> **Try it**
Could you copy exactly the lines below from the one with "Την Κυριακή στο" to the one with "特に文字盤のブルーグレーとピーコックブルーのアリゲーター・バンドが", inclusive, leaving out any pictures?

> **Provided data**
[Start of section]

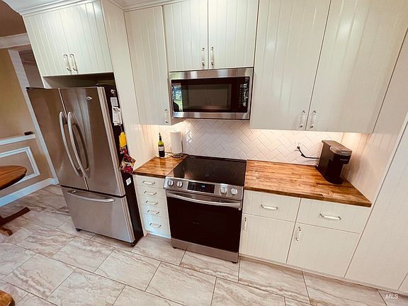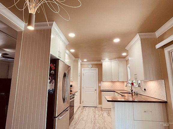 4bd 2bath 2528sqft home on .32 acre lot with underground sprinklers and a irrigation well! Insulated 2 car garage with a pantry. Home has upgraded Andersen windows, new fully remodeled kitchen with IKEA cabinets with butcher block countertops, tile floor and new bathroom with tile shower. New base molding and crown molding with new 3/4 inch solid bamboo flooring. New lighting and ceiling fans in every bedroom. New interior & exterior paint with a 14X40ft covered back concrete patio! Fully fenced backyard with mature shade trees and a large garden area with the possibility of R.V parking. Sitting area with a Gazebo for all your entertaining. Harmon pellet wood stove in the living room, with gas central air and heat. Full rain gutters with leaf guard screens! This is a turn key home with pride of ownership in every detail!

[End of section]
[Start of section]

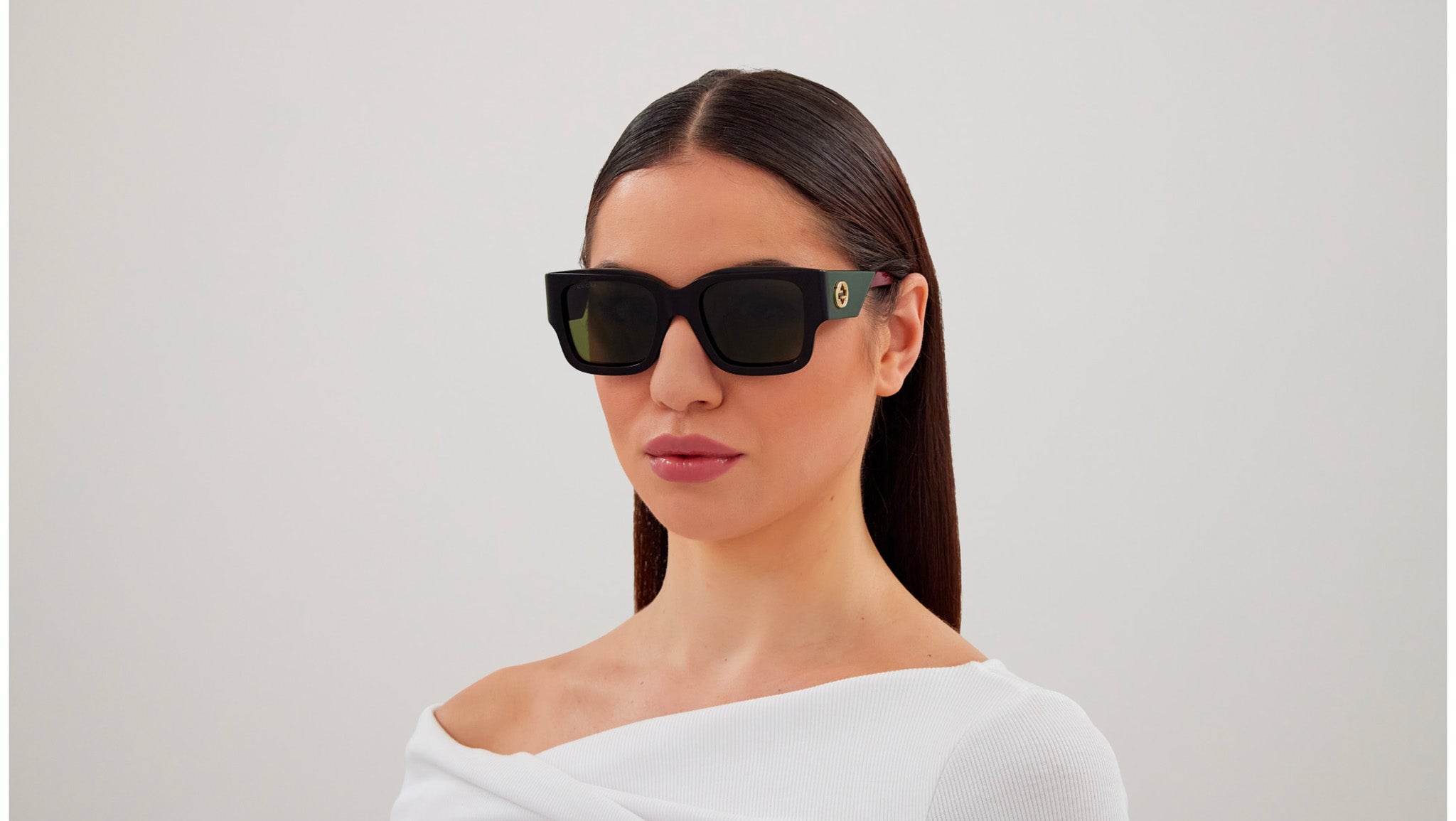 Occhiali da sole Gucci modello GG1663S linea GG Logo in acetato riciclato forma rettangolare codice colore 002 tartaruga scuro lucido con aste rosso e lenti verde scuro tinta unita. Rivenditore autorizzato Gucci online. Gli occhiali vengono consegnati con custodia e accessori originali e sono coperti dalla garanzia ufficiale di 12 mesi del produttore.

[End of section]
[Start of section]

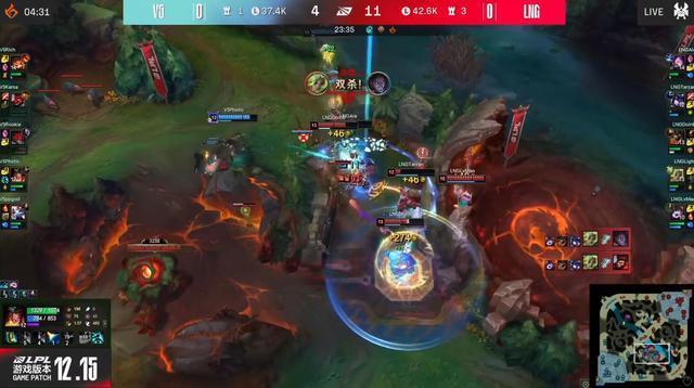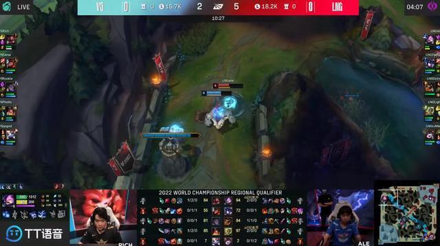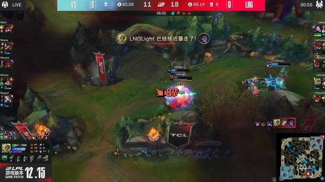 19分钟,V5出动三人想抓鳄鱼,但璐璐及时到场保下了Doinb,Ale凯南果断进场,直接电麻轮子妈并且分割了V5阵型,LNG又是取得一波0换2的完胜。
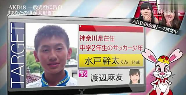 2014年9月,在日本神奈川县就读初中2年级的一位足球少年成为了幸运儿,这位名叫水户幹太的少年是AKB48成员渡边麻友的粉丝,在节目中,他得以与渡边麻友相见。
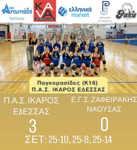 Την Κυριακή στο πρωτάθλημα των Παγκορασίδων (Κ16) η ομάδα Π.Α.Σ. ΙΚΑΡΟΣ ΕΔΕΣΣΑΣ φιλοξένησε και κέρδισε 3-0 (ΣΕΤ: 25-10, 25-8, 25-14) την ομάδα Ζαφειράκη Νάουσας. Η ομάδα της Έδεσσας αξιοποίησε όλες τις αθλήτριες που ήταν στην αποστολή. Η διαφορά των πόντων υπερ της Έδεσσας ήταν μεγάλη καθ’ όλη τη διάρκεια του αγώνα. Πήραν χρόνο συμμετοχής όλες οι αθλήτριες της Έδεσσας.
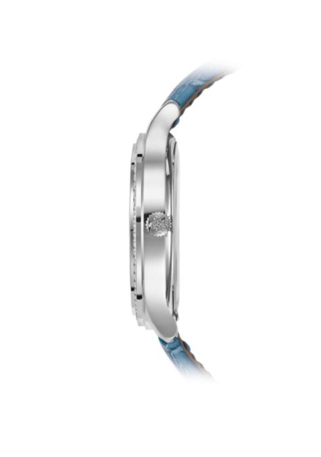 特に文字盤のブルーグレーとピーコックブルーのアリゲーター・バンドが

[End of section]

> **Task output**
 Την Κυριακή στο πρωτάθλημα των Παγκορασίδων (Κ16) η ομάδα Π.Α.Σ. ΙΚΑΡΟΣ ΕΔΕΣΣΑΣ φιλοξένησε και κέρδισε 3-0 (ΣΕΤ: 25-10, 25-8, 25-14) την ομάδα Ζαφειράκη Νάουσας. Η ομάδα της Έδεσσας αξιοποίησε όλες τις αθλήτριες που ήταν στην αποστολή. Η διαφορά των πόντων υπερ της Έδεσσας ήταν μεγάλη καθ’ όλη τη διάρκεια του αγώνα. Πήραν χρόνο συμμετοχής όλες οι αθλήτριες της Έδεσσας.
 特に文字盤のブルーグレーとピーコックブルーのアリゲーター・バンドが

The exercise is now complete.